In the preceding statement, the write says that Americans are spending way too much time unnecessary shopping, and aren’t involving themselves in personal or communal development He goes on to conclude that this is the reason America is losing its competitive edge to other countries. Though his claim may well have merit, the author presents a poorly reasoned argument, based on questionable premises and assumptions. Based solely on the evidence the author offers, we cannot accept his argument as valid.

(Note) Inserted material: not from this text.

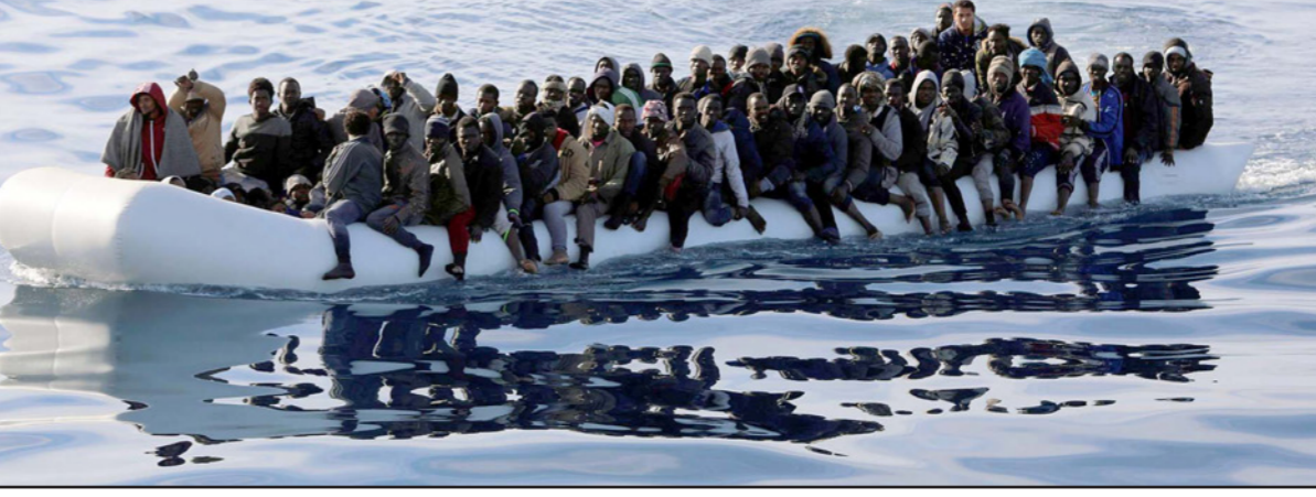
مهاجرون غير شرعيين في قارب مطاطي قرب السواحل الليبية

البحرية طرابلس وعلى ظهره 352 مهاجراً غير شرعي من جنسيات أفريقية مختلفة، بينهم 65 امرأة و 11 طفلاً.

The primary issue with the author’s reasoning lies in the unsubstantiated premises. He states that Americans spend too much of their time buying and consuming non-essential goods. He goes ahead and provides evidence for the same - Studies show than on an average Americans spend over a quarter of their leisure time shopping. The studies mentioned here have shown that Americans spend a substantial time shopping, however how has the author assumed that it involves buying non essential goods? Primarily, how does the author define non-essential goods? A model’s profession requires her to look good - for her buying a fancy dress might not be non-essential at all. A sportsperson needs the best shoes he can get - for him spending a lavish amount on sneakers is a necessity. An investment banker who just lost his job at Merill Lynch because of the recession, might indulge in an exorbitantly priced piece of cake to keep him going for the rest of the day. The author even goes on to term the shopping as ‘frivolous consumption’. I think that is taking it too far. Studies sure can provide us with statistics over what is black and white, however how can a study decide what is grey - what is frivolous, what is non-essential? The author has extrapolated the study’s findings to establish a premise which solely depends on his own interpretation. The author might think that if a quarter of peoples’ time is being spent shopping it must be frivolous and non-essential, since how can it take so much time to buy basic essential things? That again could vary so much with different people. My mother spends two hours every other day grocery shopping for the family. She likes to explore new brands, new foods and reads the nutrition content very carefully at the back of all processed foods. Our domestic help on the other hand, spends exactly half an hour buying the groceries for our household because she goes with a list made by my mother, which she needs to strictly adhere to. Here are two people buying similar essential things but spending different amounts of time on it. If people like my mother, were a major part of the study, then it definitely would have raised the time each person took shopping, but does not necessarily imply that it is frivolous or unnecessary. The author’s premises, the basis for argument, lack any legitimate evidentiary support and render his conclusion inacceptable.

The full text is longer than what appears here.